“It is an odd paradox that a society which can now speak openly and unabashedly about topics that were once unspeakable, still remains largely silent when it comes to mental illness.”
-Glenn Close
The connotation of a stigma suggests “shame,” which perpetuates silence. A silence that can marginalize an entire group of people and suppress them, promoting discrimination. An unfortunate reality that we experience is that when there is a mass shooting, the news media, and conversation makes hateful comments about mental illness and exasperates the idea that those who say depression are no different than the mass shooter. We hear erroneous rhetoric about how the shooter pulled the trigger in response to depression, anxiety, bipolar disorder, etc.. However, these comments are often made without thinking that there are millions of people in the world living with the same mental health condition who would never do anything like that or even anything violent for that matter. These comments essentially force individuals with mental illness to hide behind a thinly constructed veil of fake happiness so that the world will not perceive them as some suspect class who is likely to pull a trigger on a school group if they could get their hand on a gun. This is discrimination.
Systemic privilege is most always associated with gender, class, race or sexual orientation. However, what is less notably defined as “privilege” is mental health. To have a brain that produces the appropriate amount of serotonin, to cry without self-harming thoughts, to be sad without thinking of suicide, to get upset not as a result of anxiety, to sleep without fear of waking up, to eat without seeing it as a chore, to laugh without being broken, to express yourself equally inside and out is privilege. There is a notion that those living with mental illnesses are supposed to be fixed or are supposed to perform as if they were healthy. However, like gender, class, race and sexual orientation, mental health is a privilege. Those suffering from anxiety do not wake up in the morning with the thought “today I’m ready to have anxiety.” Rather they wake up with the thought, “I really hope I can get through the day without my anxiety getting in the way.”

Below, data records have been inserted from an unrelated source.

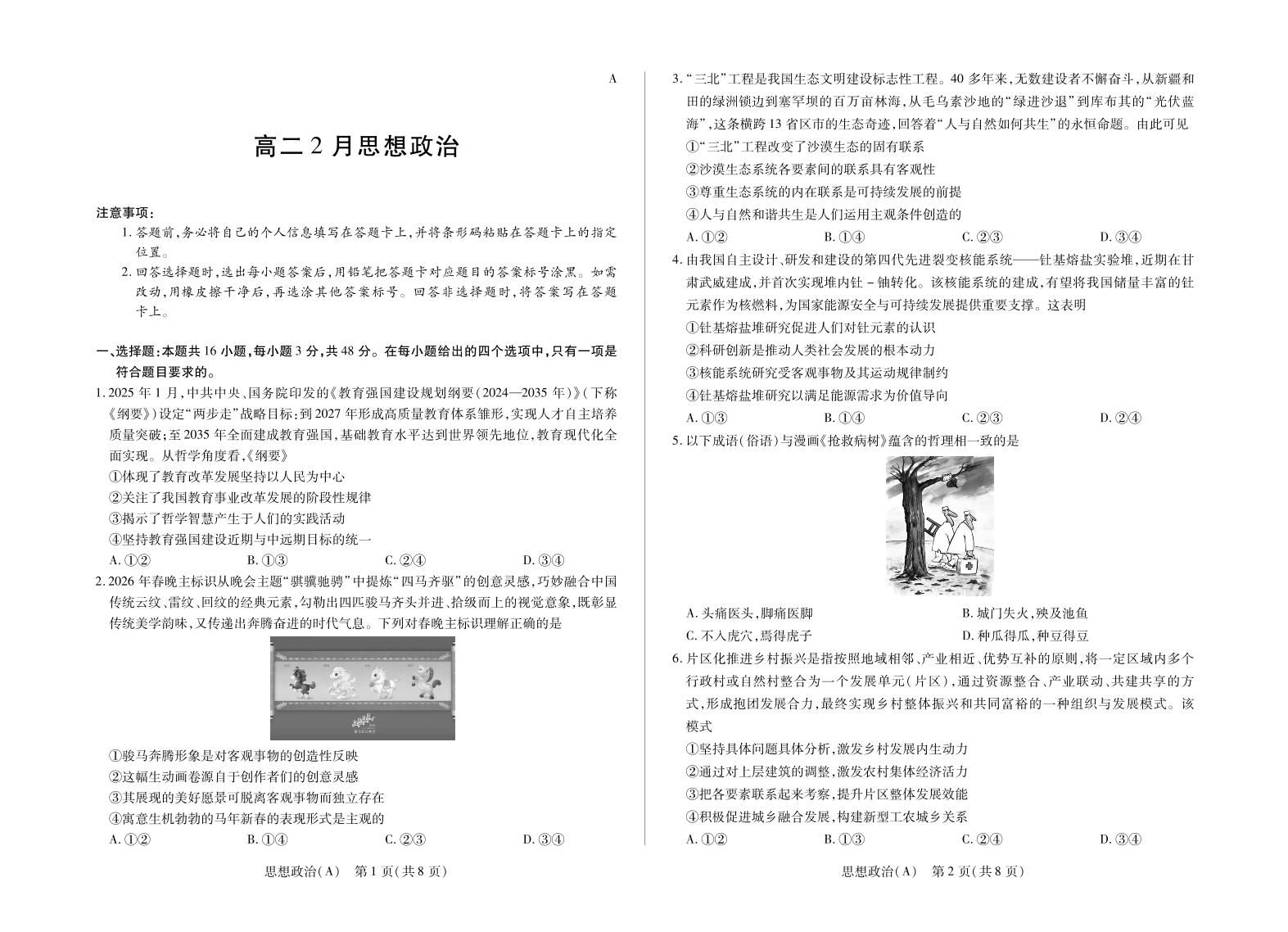 高二政治--安徽省合肥六中等学校2025-2026学年高二上学期2月期末考试
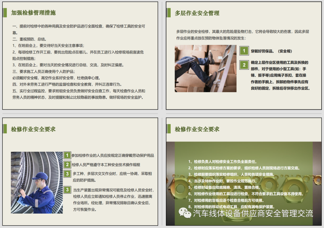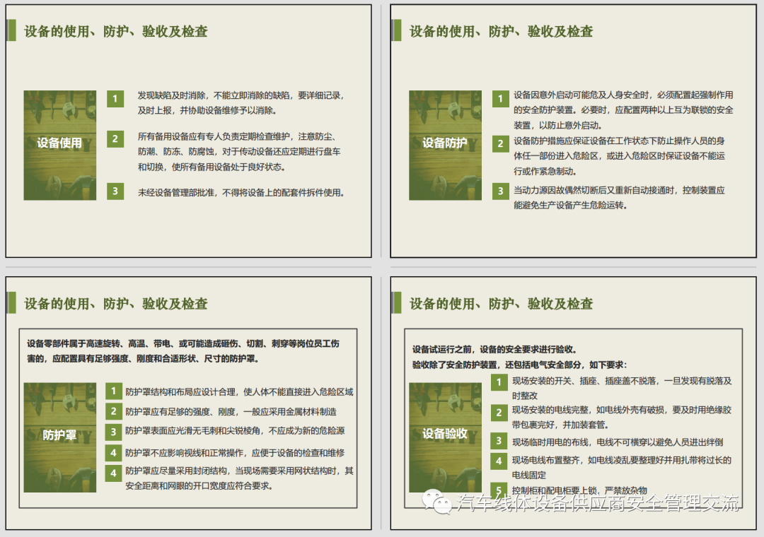 本公众号为共享平台,主要针对汽车行业线体设备供应商项目现场安全管理类资料、资讯发布与共享,有好的建议与想法请关注公众号后留言,可以邮件方式获取公众号内原文件,获取时请列出文件名称。邮箱地址:sunhongbinggbzj@163.com
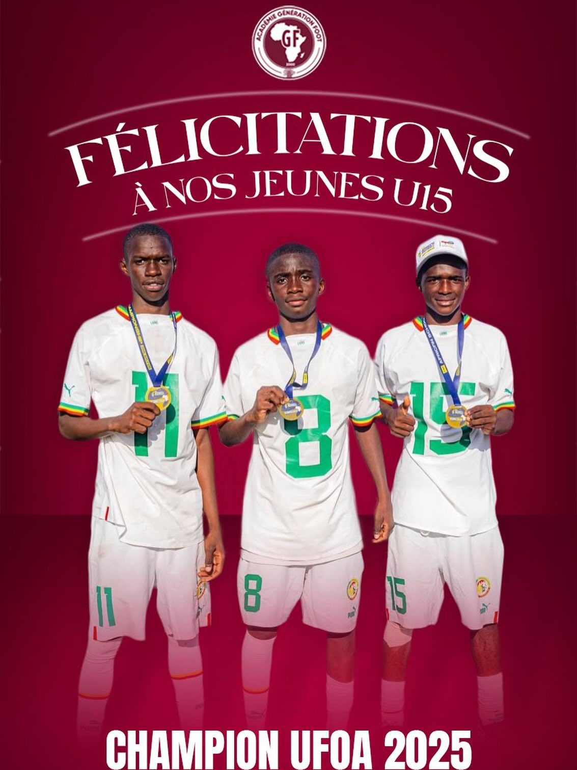Vainqueurs de la Coupe UFOA U15 de football scolaire en Gambie avec l’équipe nationale du Sénégal,
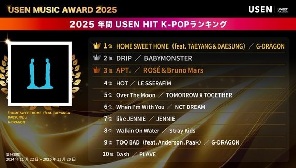เพลง DRIP ของ BABYMONSTER เป็นเพลงที่คนญี่ปุ่นฟังมากที่สุดอันดับ 2 ในปี 2025 ตามการจัดอันดับรางวัล USEN MUSIC AWARD 2025
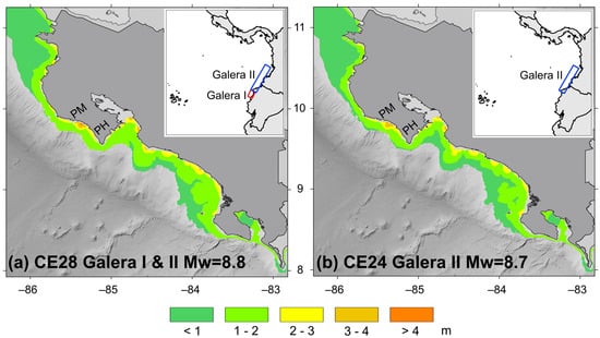 Maximum nearshore tsunami wave heights caused by Colombia–Ecuador scenarios (a) Galera I and II, and (b) Galera II. The maximum nearshore tsunami wave heights caused by the other Colombia–Ecuador scenarios are shown in the Supplementary Materials. Places shown in the figure are as follows: PM, Punta Muñeco; PH, Playa Hermosa. The colors in the figure show maximum NTH in meters.
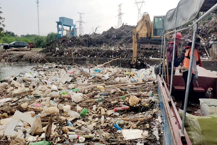 沅江风光带漂浮垃圾进行打捞现场
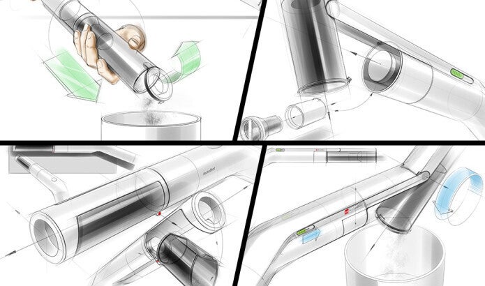 従来型のスティック式ハンディクリーナーでは、ダストカップに吸入口があるので、容積が小さくサイクロンの動作も不十分で、ゴミがすぐいっぱいになります。
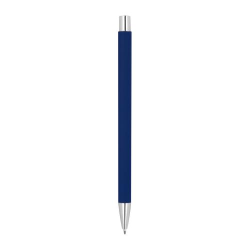 Slim metal retractable ball pen with silver applications and blue-writing refill.
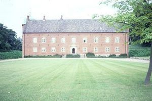 Anno 1585 lod ieg Karen Gyldenstiern sallig Hollger Rosenkrantzes thil Boller dete Hvss opbygge i mit Encke Seede thil mine tho Sønner Otte Christoffer Rosenkrans och Frederich Rossenkrantzis Beste.
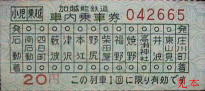 車内乗車券。区間は入鋏式だが、金額は固定である。
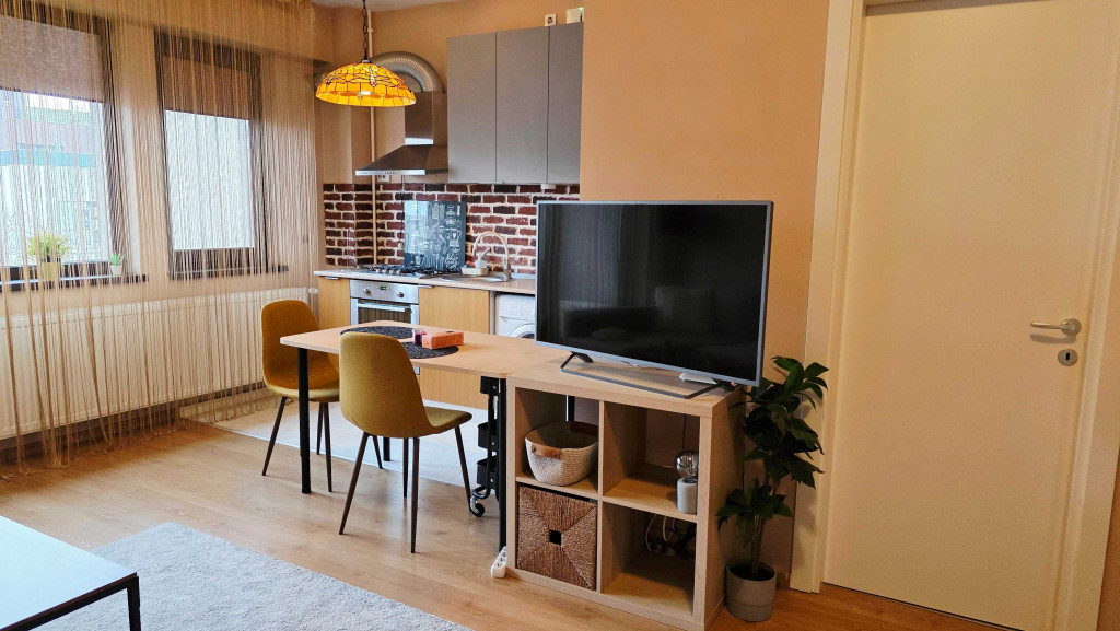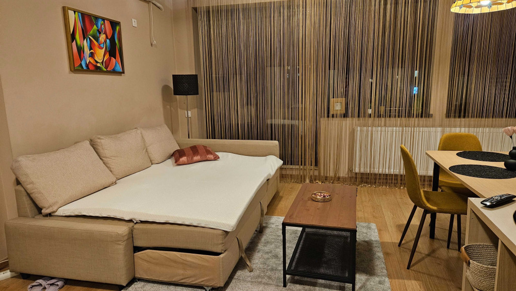 garsoniera, foarte curata, cocheta si foarte placut mobilata. Este in imobil nou. Dotata complet: aer conditionat, frigider, cuptor electric, plita, hota, masina spalat, smart Tv. .Canapea cu topper ce se transforma intr-un pat confortabil. Este situata practic in spatele blocurilor de la Piata Alba Iulia - 240 m / 3 minute de mers pe jos pana la terasele din rond. Este pentru nefumatori, nu sunt permise animale de companie de niciun fel. Se insista pe curatenie. Doar pentru chirias curat, peste 28-30 de ani, fara studenti, o singura persoana poate locui confortabil acolo.
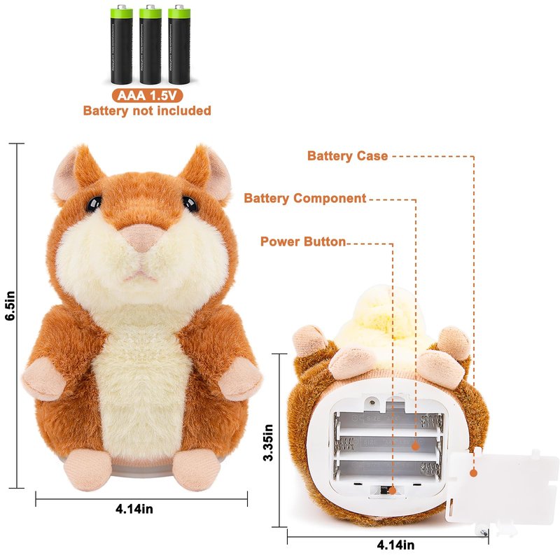The talking hamster is a plush stuffed animals toy, which repeats what you say. It's an ideal gift for Easter, best choice for christmas.
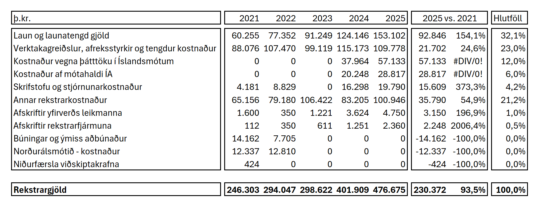 Laun og launatengd gjöld ÍA hafa vaxið verulega frá árinu 2021, en vöxturinn nemur 154,1%. Vöxturinn á verktakagreiðslum, afreksstyrkjum og tengdum kostnaði hefur þó vaxið töluvert hægar, allt að 24,6%.
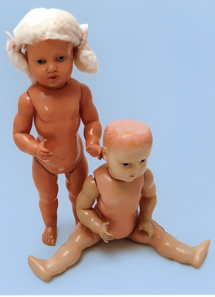 Появляются новые типажи: пупс Вовка с закрытыми глазами — натуралистичный младенец со старомодной серьезностью на лице, непривычной для современных глазу. Чуть позже в кукольный мир пробираются улыбка, ясный взгляд, и даже мальчик-негр, дань идеологии интернационализма. Причём цвет кожи куклы менялся в зависимости от партии целлулоида; некоторые светлые «негритята» сощуренными (от радости, а не от этнической принадлежности) глазами воспринимались покупателями то ли таджиками, то ли кем-то ещё. Здесь искусство неожиданно становится зеркалом: каждая кукла — отклик на политический символ, технологический вызов, психологический портрет времени.
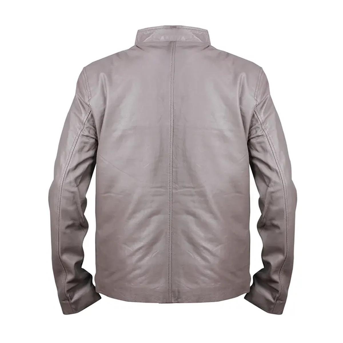Graue Cafe-Racer-Lederjacke für Herren Jacke
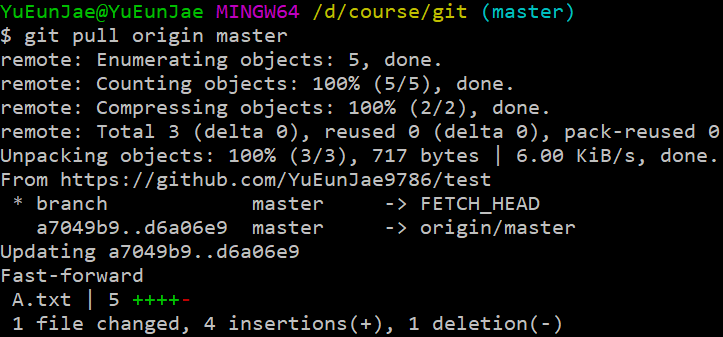 그러면, 제 로컬 저장소는 마지막 커밋으로 돌아가게 되고, 이 때 pull 을 사용해서 로컬저장소를 원격저장소와 같게 만듭니다.
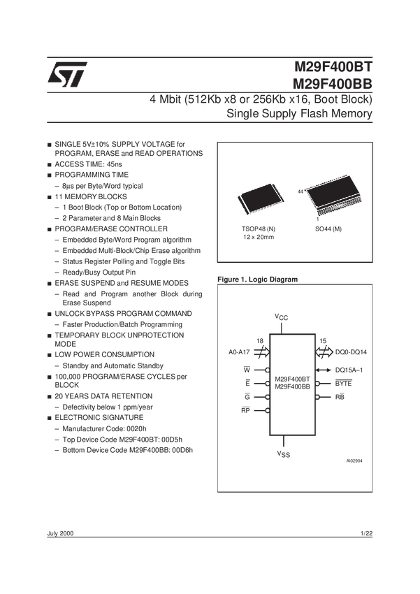 4MB(512KX8 OR 256KX16,BOOT BLOCK 5V TSOP48(12X20)-40+85 ST
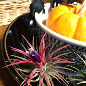 開花期に赤く色づくチランジア。 細かい品種名までは不明😜 真ん中から小さな花が咲き始めました。 何ともビビットな色は、ハロウィンのアレンジにちょうど良い💕 さてと、チランジアも初めてだぞ! 育て方を勉強しないとね。 因みに、カフェベローチェのフチネコ達が大活躍💕 画面には収まらなかったけど、全種類コンプリートだぜ!
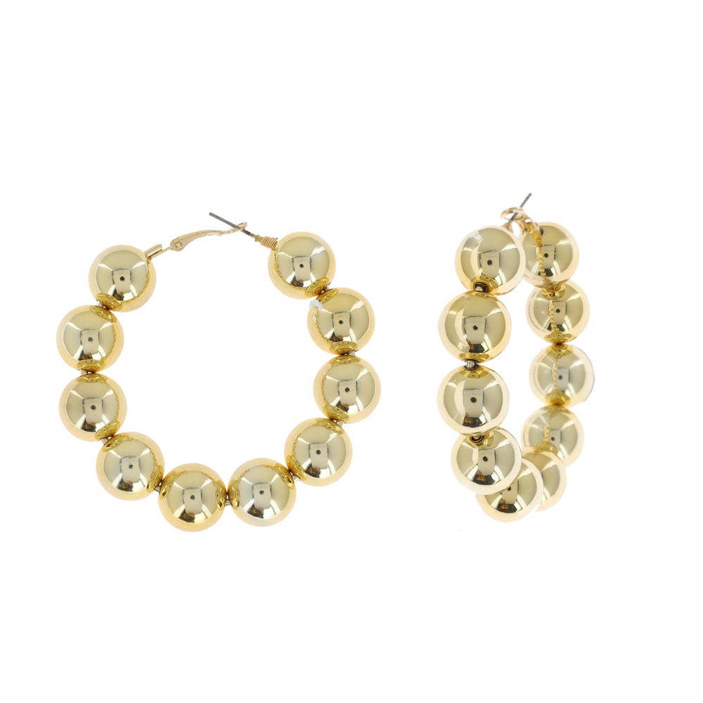 60MM METALLIC BALL BEADED HOOP EARRINGS
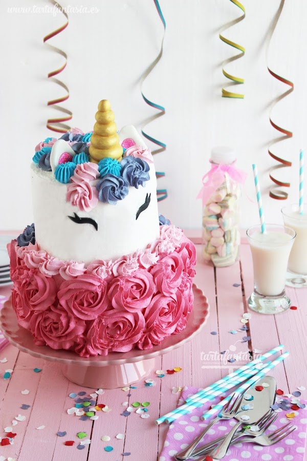 Qué llamativa y alegre es esta tarta, desde hace bastante tiempo quería hacer una tarta unicornio y por fin he encontrado la semana para disfrutar haciéndola.
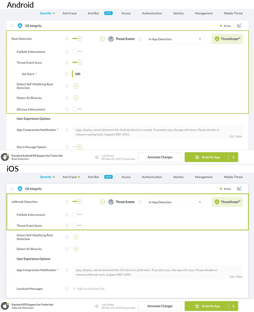 Using Threat-Events™ and Threat-Scores™ in React Native Apps is different between iOS and Android.
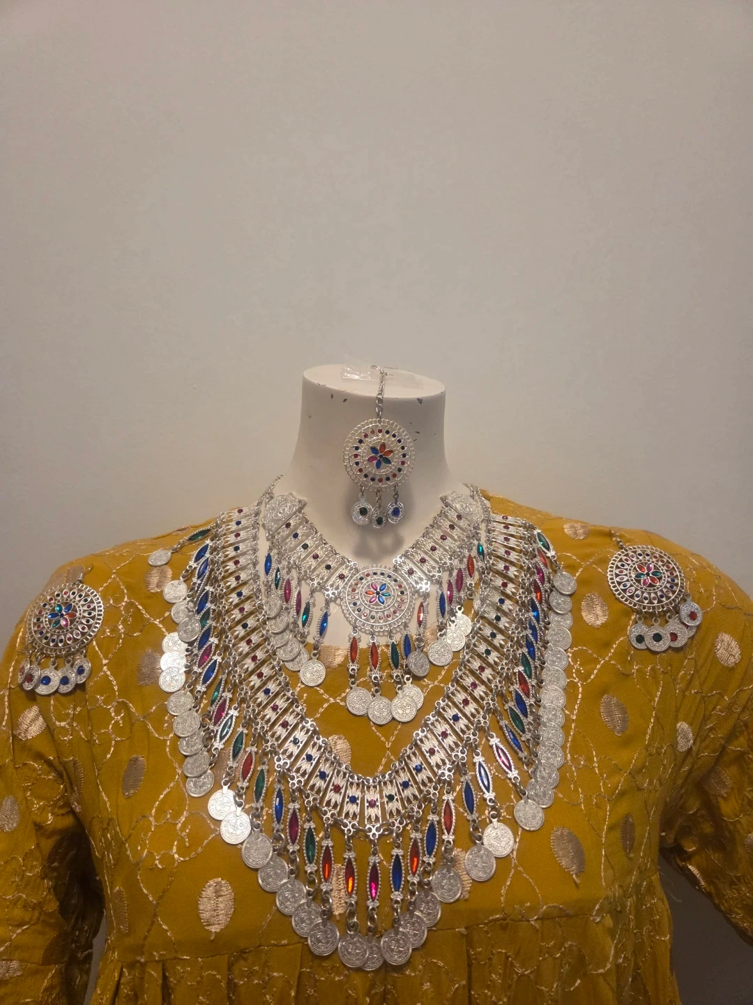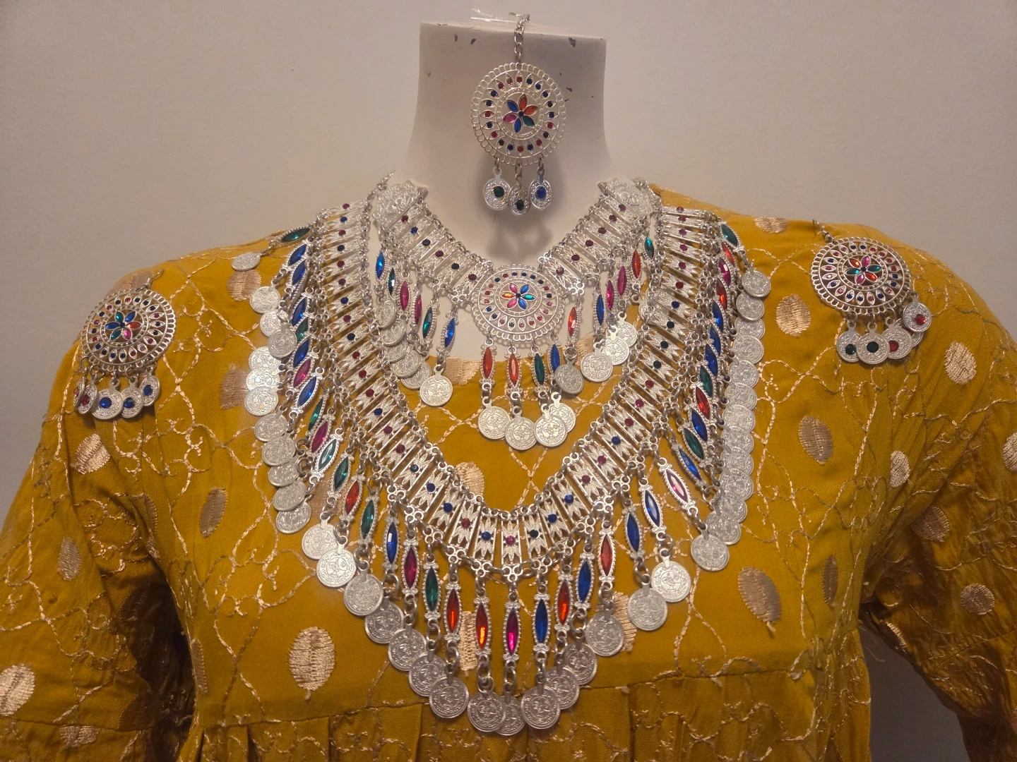 76Beautiful Afghani jewellery set, perfect for adding a touch of cultural elegance to any outfit! The set includes a necklace, earrings, and a headpiece, all adorned with colourful stones and intricate silver detailing

Mental illness can distort someone’s ability for happiness. This distortion forces the general pubic to see people who face mental illness as deviating from the social norm. Those who battle these should not feel as if they are some suspect class that is completely marginalized from the rest of society. Understanding mental illness is the first step. However, we can not simply talk about mental illness when someone opens fire on a school or movie theater. We, as a society, give mental health the attention it deserves only when a tragedy resulting in death occurs. This is unacceptable. By doing this, we create a fallacy that all individuals with a mental illness have the capability of killing people, this is a stigma that is both disrespectful and wrong. This is a major issue in both our government and our society. We need to stop addressing mental health in relation to mass shootings or only when somebody dies. We are framing the conversation around mental health completely wrong and only enforcing a stigma that needs to be abolished. We see it as something we can prevent however, you can not prevent depression or anxiety. If you could, do you not think the people who have it would snap their fingers and make it disappear
We have the statistics to prove that the vast majority of people who commit acts of violence do not have a diagnosed mental illness. Conversely, those who have mental illness are far more likely to be the victims of violence than the perpetrators. The stigma is further enforced when seeking medical attention for depression or anxiety is viewed as stronger evidence of violent tendencies than going out and purchasing a firearm whose only intention is to take life. This is where the stigma ensconces itself. Forcing people to fear treatment simultaneously deviating from the social norm. Furthering the stigma are our own politicians like the Speaker of the House Paul Ryan who said, “People with mental illness are getting guns and committing these mass shootings,” after the shooting in San Bernardino, California. Blaming mental health problems for gun violence in America gives the public the false impression that most people with mental illness are violent and dangerous people. In 2016, it is time to change the conversation on mental health. Instead of focusing on the dangers of mental health, we must begin moving the conversation toward compassion and appropriate treatment. Speaker Ryan — mental health is not in itself the root of the problem, the lack of available treatment under your leadership is.